EXERCISE DATA:
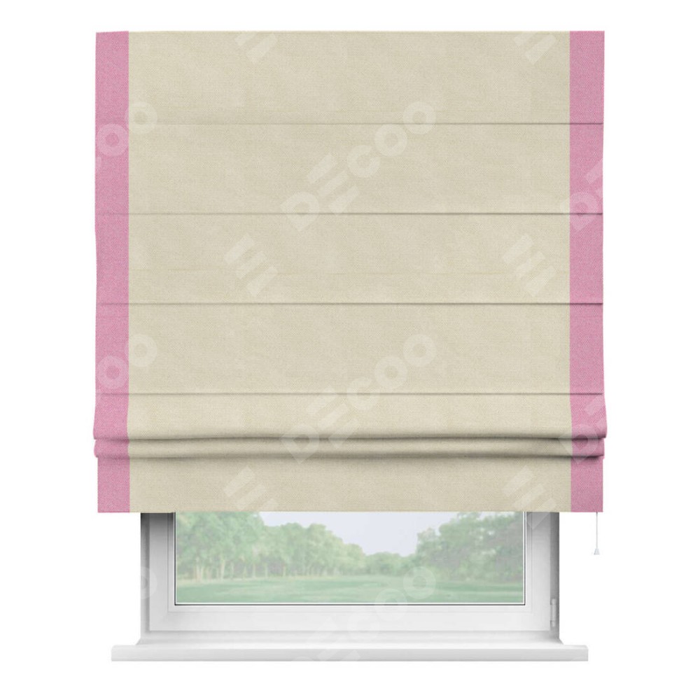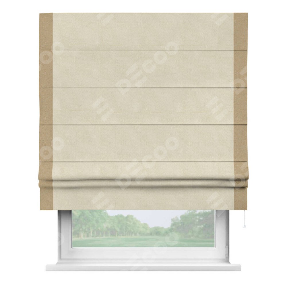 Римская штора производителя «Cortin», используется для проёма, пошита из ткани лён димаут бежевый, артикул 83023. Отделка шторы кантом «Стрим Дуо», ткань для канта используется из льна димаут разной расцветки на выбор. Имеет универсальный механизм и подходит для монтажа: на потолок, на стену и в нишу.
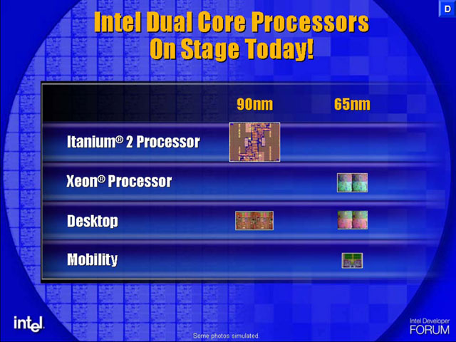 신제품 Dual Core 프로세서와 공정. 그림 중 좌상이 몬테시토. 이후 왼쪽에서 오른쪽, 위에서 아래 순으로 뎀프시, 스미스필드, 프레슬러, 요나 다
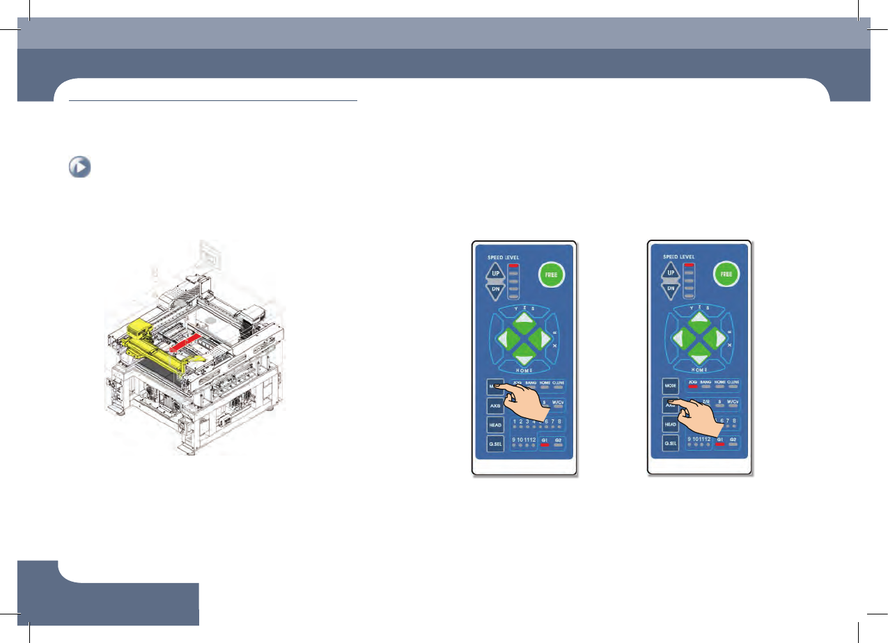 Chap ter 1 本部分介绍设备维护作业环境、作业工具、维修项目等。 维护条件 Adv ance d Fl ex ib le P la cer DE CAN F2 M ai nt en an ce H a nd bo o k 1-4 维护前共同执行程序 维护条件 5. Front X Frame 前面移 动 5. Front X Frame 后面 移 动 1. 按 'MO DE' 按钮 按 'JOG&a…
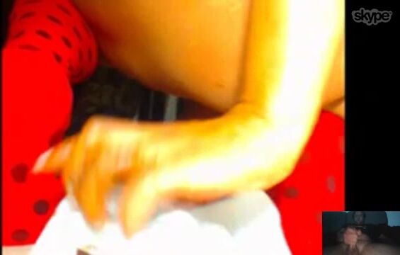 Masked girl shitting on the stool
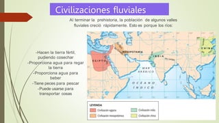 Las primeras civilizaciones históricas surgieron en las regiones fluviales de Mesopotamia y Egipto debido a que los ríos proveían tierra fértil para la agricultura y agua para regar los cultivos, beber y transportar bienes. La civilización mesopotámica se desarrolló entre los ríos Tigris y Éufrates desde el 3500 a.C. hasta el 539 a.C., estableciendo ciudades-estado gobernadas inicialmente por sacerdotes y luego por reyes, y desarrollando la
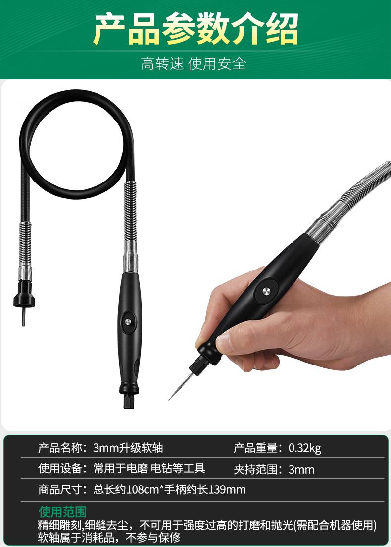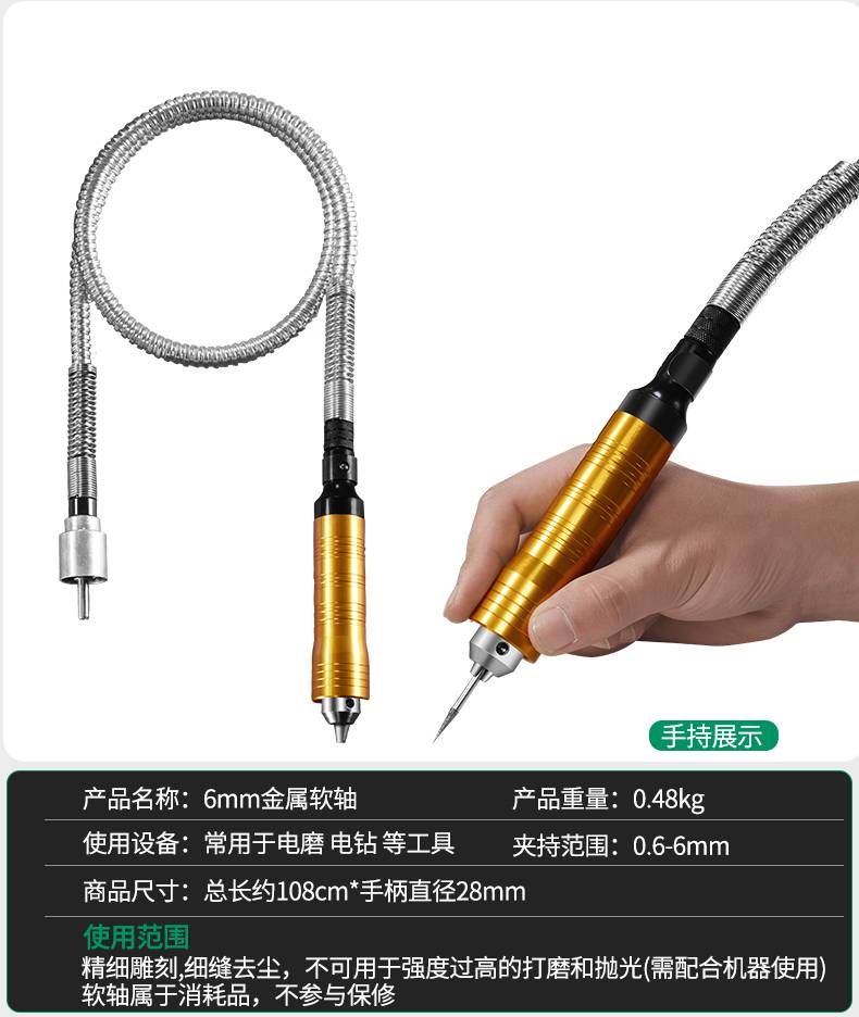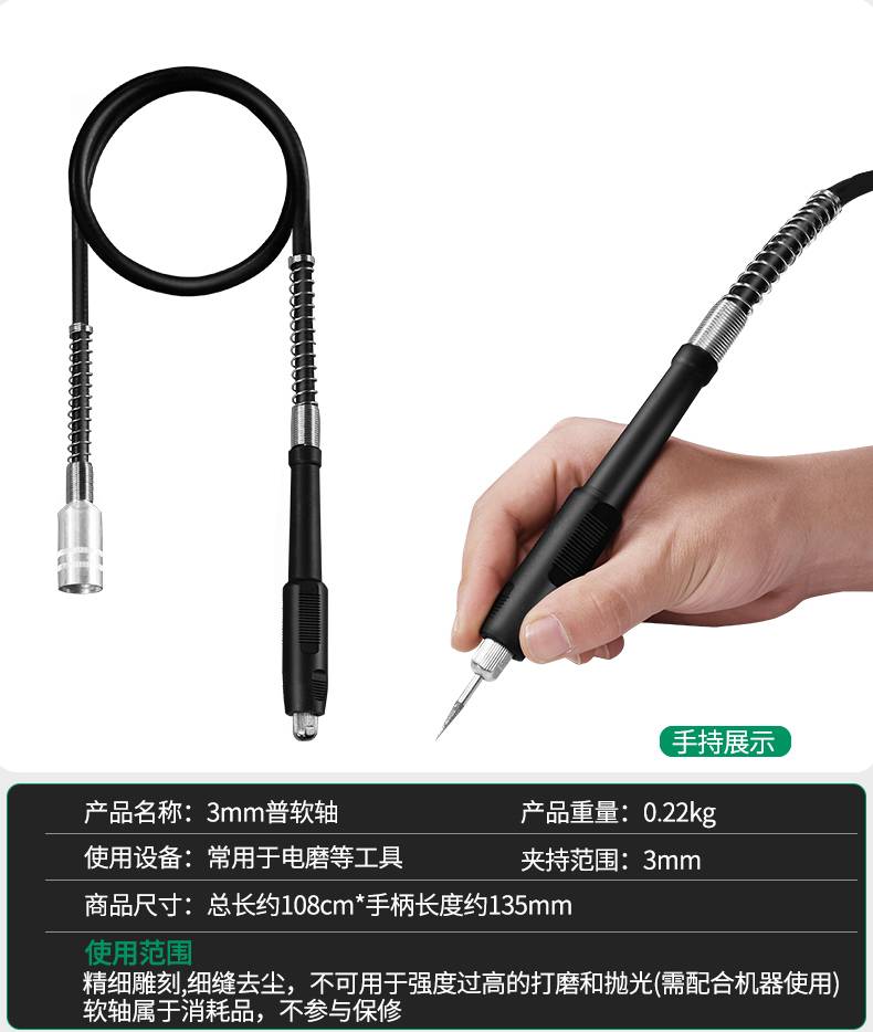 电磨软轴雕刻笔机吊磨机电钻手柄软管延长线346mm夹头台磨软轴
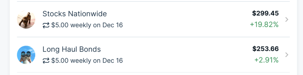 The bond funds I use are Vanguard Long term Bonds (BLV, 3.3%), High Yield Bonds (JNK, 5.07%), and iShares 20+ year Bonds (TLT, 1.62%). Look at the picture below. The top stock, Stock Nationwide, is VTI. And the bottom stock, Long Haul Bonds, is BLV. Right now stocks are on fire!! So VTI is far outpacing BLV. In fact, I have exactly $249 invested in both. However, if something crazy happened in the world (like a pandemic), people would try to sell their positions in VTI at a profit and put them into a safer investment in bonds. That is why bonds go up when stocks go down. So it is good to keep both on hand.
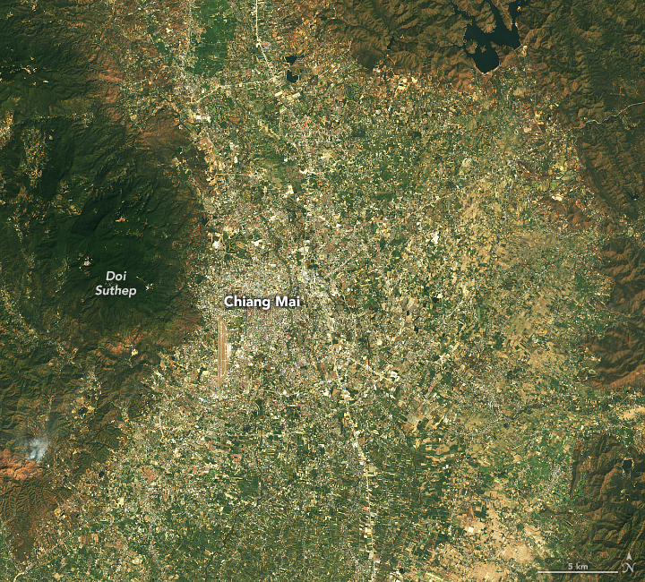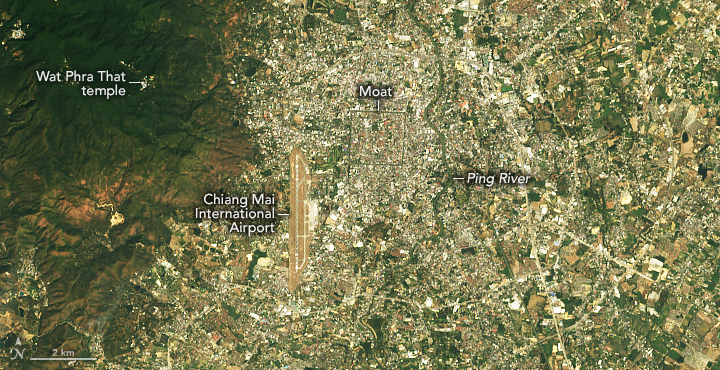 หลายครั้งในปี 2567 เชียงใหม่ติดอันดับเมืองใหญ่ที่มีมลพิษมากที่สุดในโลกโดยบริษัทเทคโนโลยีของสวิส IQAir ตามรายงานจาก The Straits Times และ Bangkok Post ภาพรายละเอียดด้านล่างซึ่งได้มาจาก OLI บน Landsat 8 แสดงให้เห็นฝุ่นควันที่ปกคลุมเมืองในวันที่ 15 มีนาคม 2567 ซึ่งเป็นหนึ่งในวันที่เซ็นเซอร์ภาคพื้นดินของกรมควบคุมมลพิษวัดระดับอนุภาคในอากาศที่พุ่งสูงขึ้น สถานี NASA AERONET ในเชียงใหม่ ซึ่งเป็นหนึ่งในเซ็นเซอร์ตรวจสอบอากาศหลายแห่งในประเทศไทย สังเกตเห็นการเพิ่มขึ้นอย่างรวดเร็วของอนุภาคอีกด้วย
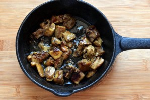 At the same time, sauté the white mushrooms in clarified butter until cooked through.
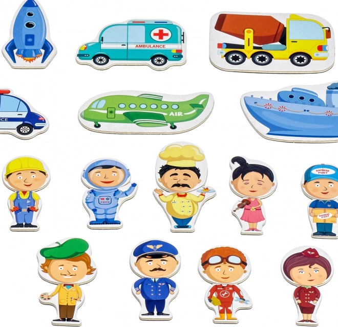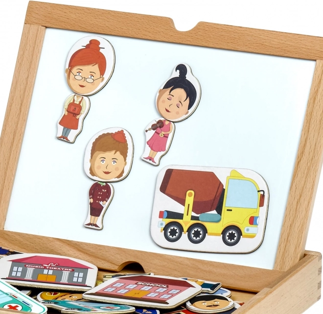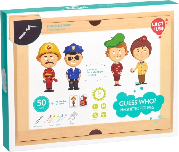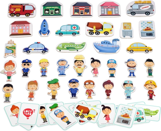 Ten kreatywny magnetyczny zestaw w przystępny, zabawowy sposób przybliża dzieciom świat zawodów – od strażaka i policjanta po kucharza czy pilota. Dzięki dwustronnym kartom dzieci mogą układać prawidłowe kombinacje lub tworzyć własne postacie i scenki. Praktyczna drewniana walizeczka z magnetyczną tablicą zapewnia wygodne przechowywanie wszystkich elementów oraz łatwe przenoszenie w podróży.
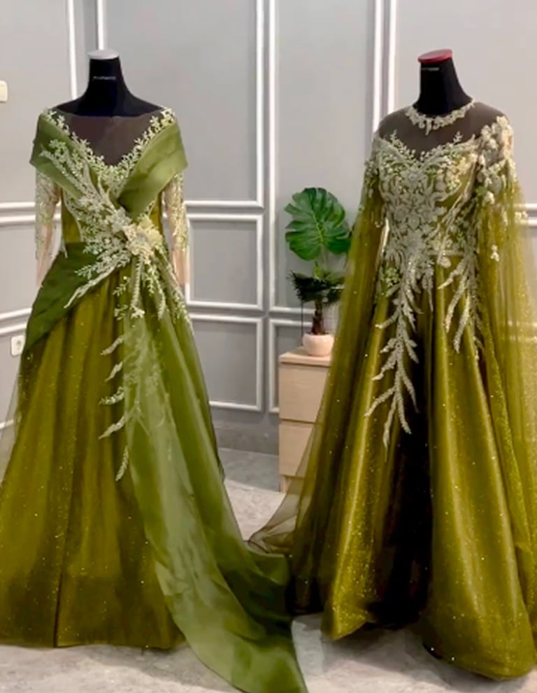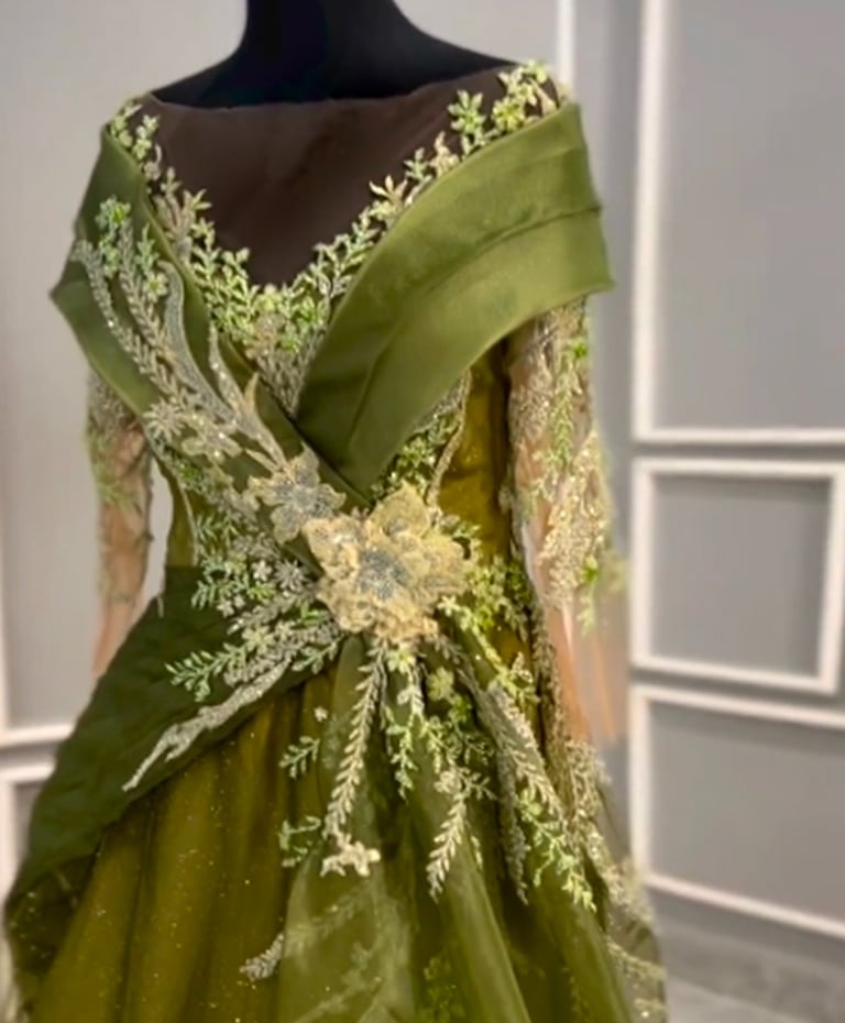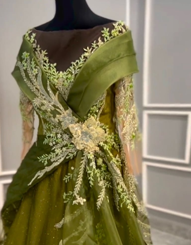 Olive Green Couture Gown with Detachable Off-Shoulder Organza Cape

REQUIRED ACTION: From the data above, return only the lines starting at the line that holds "Masked girl shitting on the stool" and ending at the line that holds "电磨软轴雕刻笔机吊磨机电钻手柄软管延长线346mm夹头台磨软轴", word for word and without pictures.

ANSWER TO THIS EXERCISE:
 Masked girl shitting on the stool
 Las primeras civilizaciones históricas surgieron en las regiones fluviales de Mesopotamia y Egipto debido a que los ríos proveían tierra fértil para la agricultura y agua para regar los cultivos, beber y transportar bienes. La civilización mesopotámica se desarrolló entre los ríos Tigris y Éufrates desde el 3500 a.C. hasta el 539 a.C., estableciendo ciudades-estado gobernadas inicialmente por sacerdotes y luego por reyes, y desarrollando la
 电磨软轴雕刻笔机吊磨机电钻手柄软管延长线346mm夹头台磨软轴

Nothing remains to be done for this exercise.